Green color: Hendrick Motorsports. A post-season start has been enough for this team, which has seen three top title contenders eliminated. All four of their drivers advanced to the round of 12 while championship favorites Chase Elliott (second) and Kyle Larson (fifth) played a final round in Bristol.

yellow: Brad Keselowski. Keselowski has been happy with Buescher, his first win as a driver/owner since joining Jack Roush and forming RFK Racing this season. But having led himself 109 laps, the victory would have been his until a punctured tire left him late in the lap in 13th.

red: Martin Truex Jr. Truex’s bad luck continued without a win during a playoff he shouldn’t have missed. Two DNFs in three races were wasted, for both mechanical issues, 72 laps during this stretch.

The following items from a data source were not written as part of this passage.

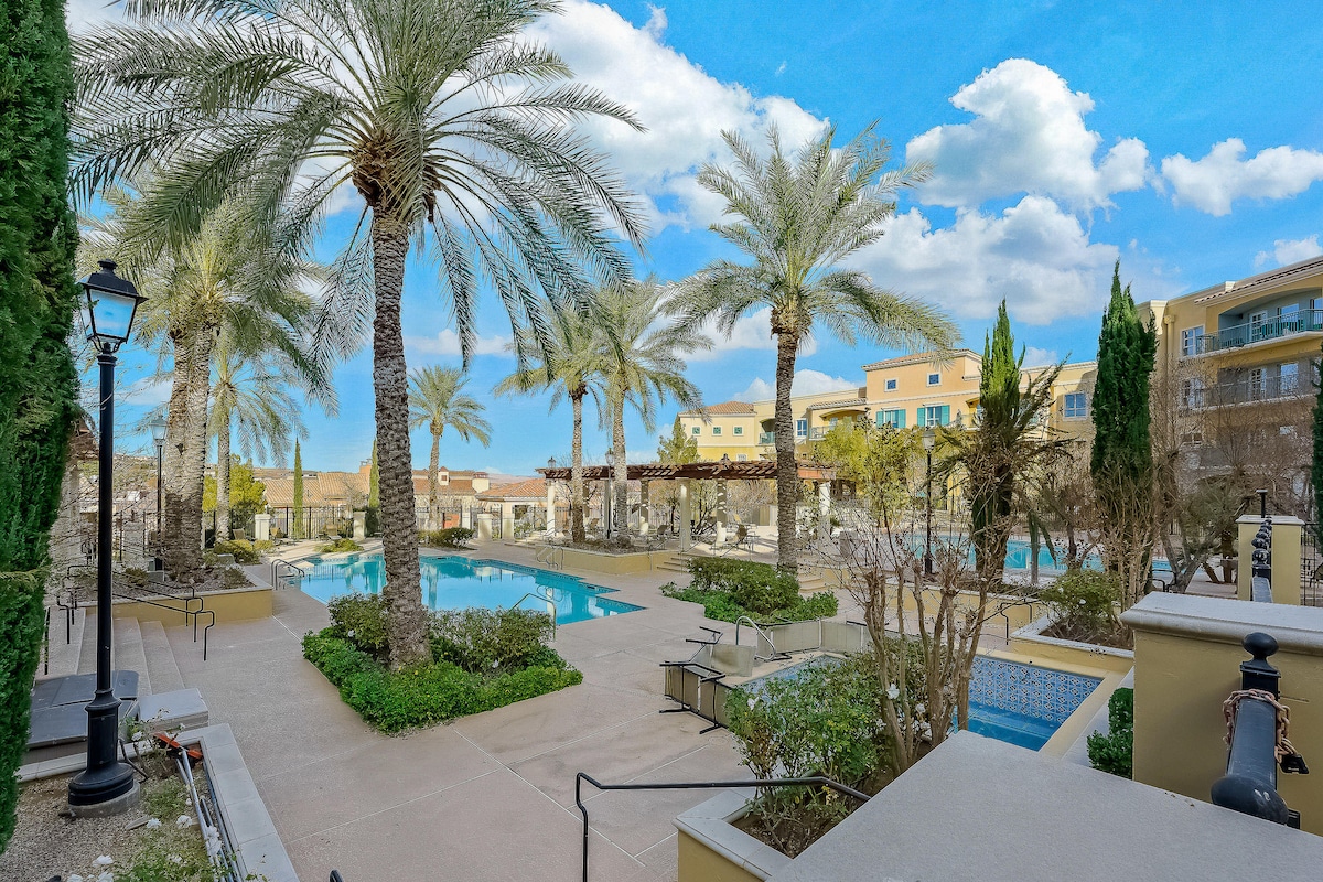 Escape the Hustle & Unwind in Style Discover your serene retreat just 20 min from Las Vegas in our remodeled luxury condo. Every detail has been crafted with deluxe materials & finishes, ensuring your utmost comfort. Relax on the deck while taking in breathtaking views of the lake, pool, & the vibrant village just steps away. Enjoy easy access to a variety of excellent restaurants and exciting activities, all within a short stroll. Registered nightly rental with City of Henderson (STR1900086)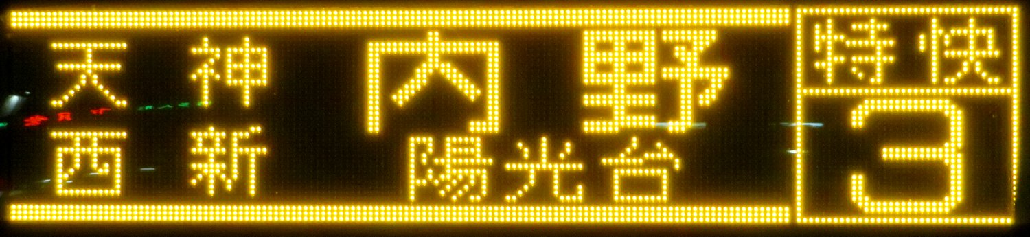 | 現存 |  | 行先: 3 特快 陽光台 経由地: 天神,西新,内野 表示区間: 博多バスターミナル→川端町・博多座前 撮影日: 2019-05-16 公開日: 2019-12-13 撮影者: nnr_1510 備考: 上下ライン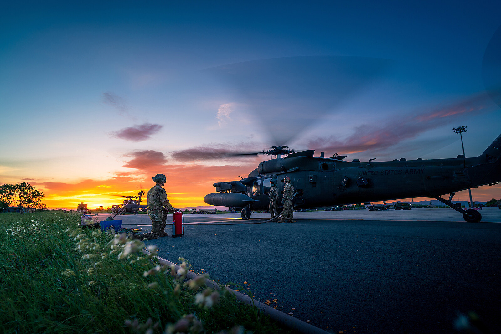 Vrtulníky UH-60 Black Hawk americké armády doplňují plaivo během přeletu z Německa do Bulharska na cvičení Defender Europe 21

Speed ​​ticket: The Next Generation Short Track Package. Bristol recorded just 12 lead changes Saturday night, the lowest total in 13 years on a racetrack called Thunder Valley for the constant excitement. The race fell, just like a wave of Goodyear’s right front tires that blew out more than a dozen drivers without much notice.

“It’s hard to pass,” said Kevin Harvick. “The cars are going really fast in the corners.”

This burden proved to be too great, leaving explosions beyond the driver’s or crew chief’s control. NASCAR has to bear some responsibility here, along with Goodyear for failing to find the right balance.

But the struggles of the short track run deeper than just one weekend. Take Martinsville in April: This 500-lap race produced only five major changes on its own. By comparison, Daytona 39’s regular season finale saw a lead change in just 160 laps. NASCAR needs to tackle the short-path kryptonite that the next generation brings into 2023.

Oops!

We’re going in a different direction here. Rookie of the 2023 NASCAR Cup Series Noah Gragson has started an odd tradition of winning six NASCAR Xfinity Series races this year — including Bristol on Friday night. Instead of waving a checkered flag around him, for example, he was vomiting right away after getting out of his car and doing a festive exhaustion (we’ll let you watch this).

Gragson blamed the strange stomach problem on anything from smoke from the screeching tires to He held his breath during the last laps of the race to me Drink a lot of white claw during the pandemic. He appears to be recovering quickly. In Bristol, Gregson climbed the fishing trap and ended up shoot a beer Minutes after you fall ill immediately.

For now, NASCAR is on board with all of that because Gragson’s unique personality makes him a fan favourite.